Such a shame. You never got round to doing so. How about now? 




> I just might, actually (not tonight though).  Obviously they won't accept any minarchist argument as morally legitimate, out of a principled aversion to all government based on the non-aggression axiom, but they'd probably be happy to try to find practical holes in my checks and balances as well...and I'm genuinely interested to see if anyone actually could (when they're taken in combination).


Please do.




> I'll explain below why I've ignored those quotes.



See if the law takes from some persons what belongs to them, and gives it to other persons to whom it does not belong. See if the law benefits one citizen at the expense of another by doing what the citizen himself cannot do without committing a crime. Then abolish this law without delay, for it is not only an evil itself, but also it is a fertile source for further evils because it invites reprisals. – Frédéric Bastiat 






> (Fully answering your questions about why someone would want to create a minarchist state would be beyond the scope of this discussion, so I'll pass on those.)
> That's a fair enough reason for debating courts and such, but it is still not the reason Rothbard gave for not being able to walk "hand-in-hand" with the minarchists.  He wrote:


No, he wanted "radicals". Which he said is:

_"Perhaps the word that best defines our distinction is "radical." Radical in the sense of being in total, root-and-branch opposition to the existing political system and to the State itself. Radical in the sense of having integrated intellectual opposition to the State with a gut hatred of its pervasive and organized system of crime and injustice. Radical in the sense of a deep commitment to the spirit of liberty and anti-statism that integrates reason and emotion, heart and soul."_ 

I'm an intense radical, I despise the state, the leviathan mther fkcers. You on the other hand.. don't.

It's like a guy I met at the local party, he is a David Friedman guy - free market anarchist, where I think the positions he holds is to the extreme that - he believes the market wld decide the laws, or something like that, anyway - that is besides the point.

He holds the position on utilitarian grounds! Yikes. He doesn't hate the state, he is not a radical at all. He wants to make the party policies, like lets campaign on a 30% fair tax or whatever... There is NO principle or hatred of it. It is gradualism, it's not Lets ABOLISH the Income Tax.

^ But THAT is the only way we will win. So like Rothbard says... when it comes down to it, even though he is a free market ANARCHIST - I'd much prefer a RADICAL minarchist who hates the state nearly as much as I do, any day of the year!




> His problem was:  Minarchists are not radical enough in their methods anymore (clearly admitting that minarchists can be radical).
> His solution seemed to be:  Argue philosophical points between minarchism and anarcho-capitalism, such as courts (his example, not mine).  However, arguing over issues like courts doesn't really tackle the actual problem he had, which had to do with political strategy rather than the difference between anarcho-capitalism and minarchism.
> 
> In other words, you just gave a much better answer than he did about why we should argue about courts now.

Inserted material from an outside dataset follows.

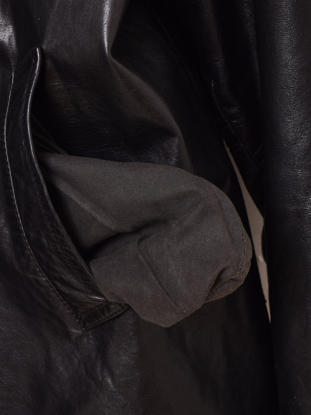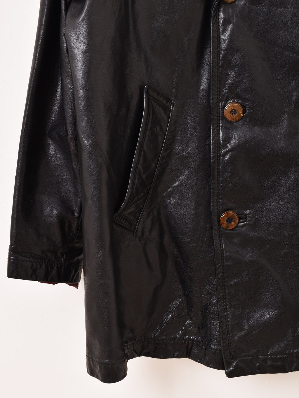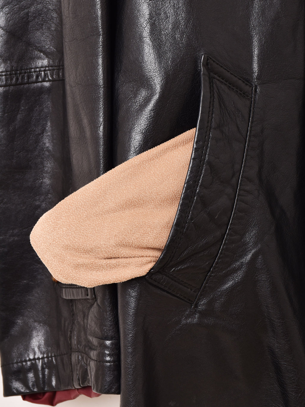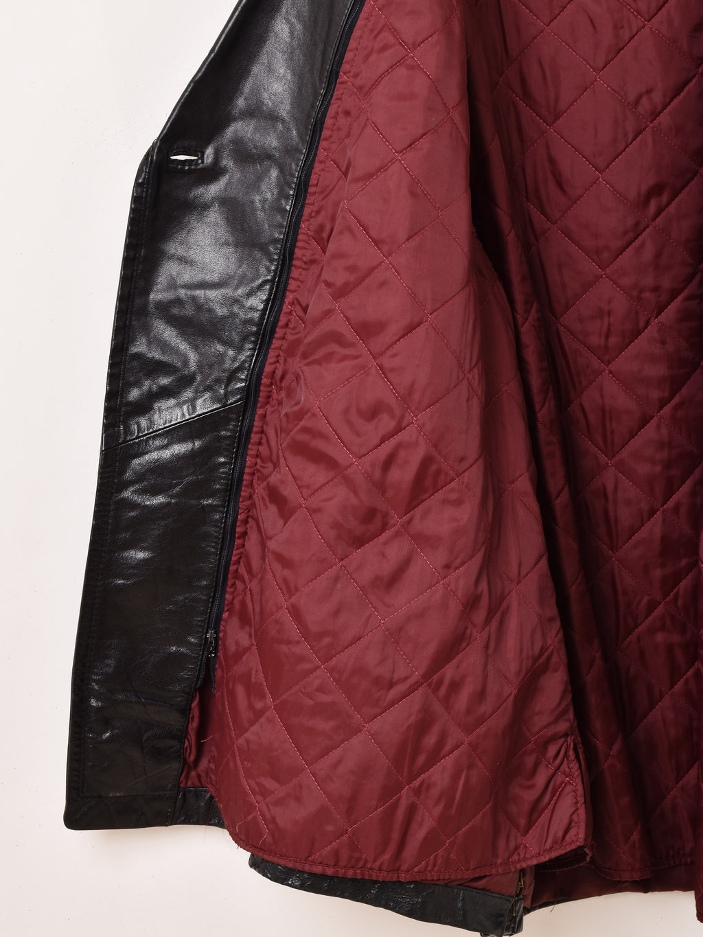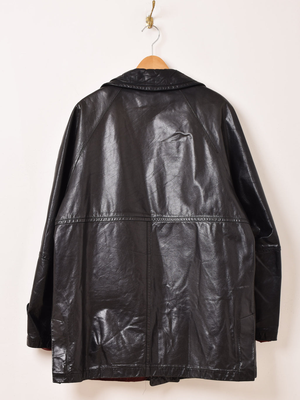 イタリアのブランドconbipelのレザージャケット。カーコートのようなデザインとサイズ感が無骨な雰囲気があり◎。取り外し可能なキルティングのライニングが付いています。

When it comes to abolitionism vs gradualism = gradualism *FAILS.*




> I can also imagine many ways the state can get around most Constitutional limits...which is exactly the premise I built my own ideas around.   That's why I called your assumptions unimaginative and unfounded:  You refused to think outside the box and acknowledge the possibility that certain checks and balances just might exist that differ so substantially from "the usual" that ordinary arguments about unstoppable growth of government might not apply.


I refused to accept your fantastical notions not grounded in reality. You can dream up all the "solutions" you want. Here in the real world though, you premises are flawed. 




> The main reason I don't need to refute human nature or those poignant quotes* is precisely because I've already taken all of the above into account.  I'm not trying to prove those observations wrong; instead, I'm working with them as my starting point.  When I thought of what checks and balances might work and which could be circumvented, my fundamental assumption was that each and every politician and public official is and will always be evil incarnate (which is a shade more dangerous than human nature and the nature of power-seeking politicians in general ).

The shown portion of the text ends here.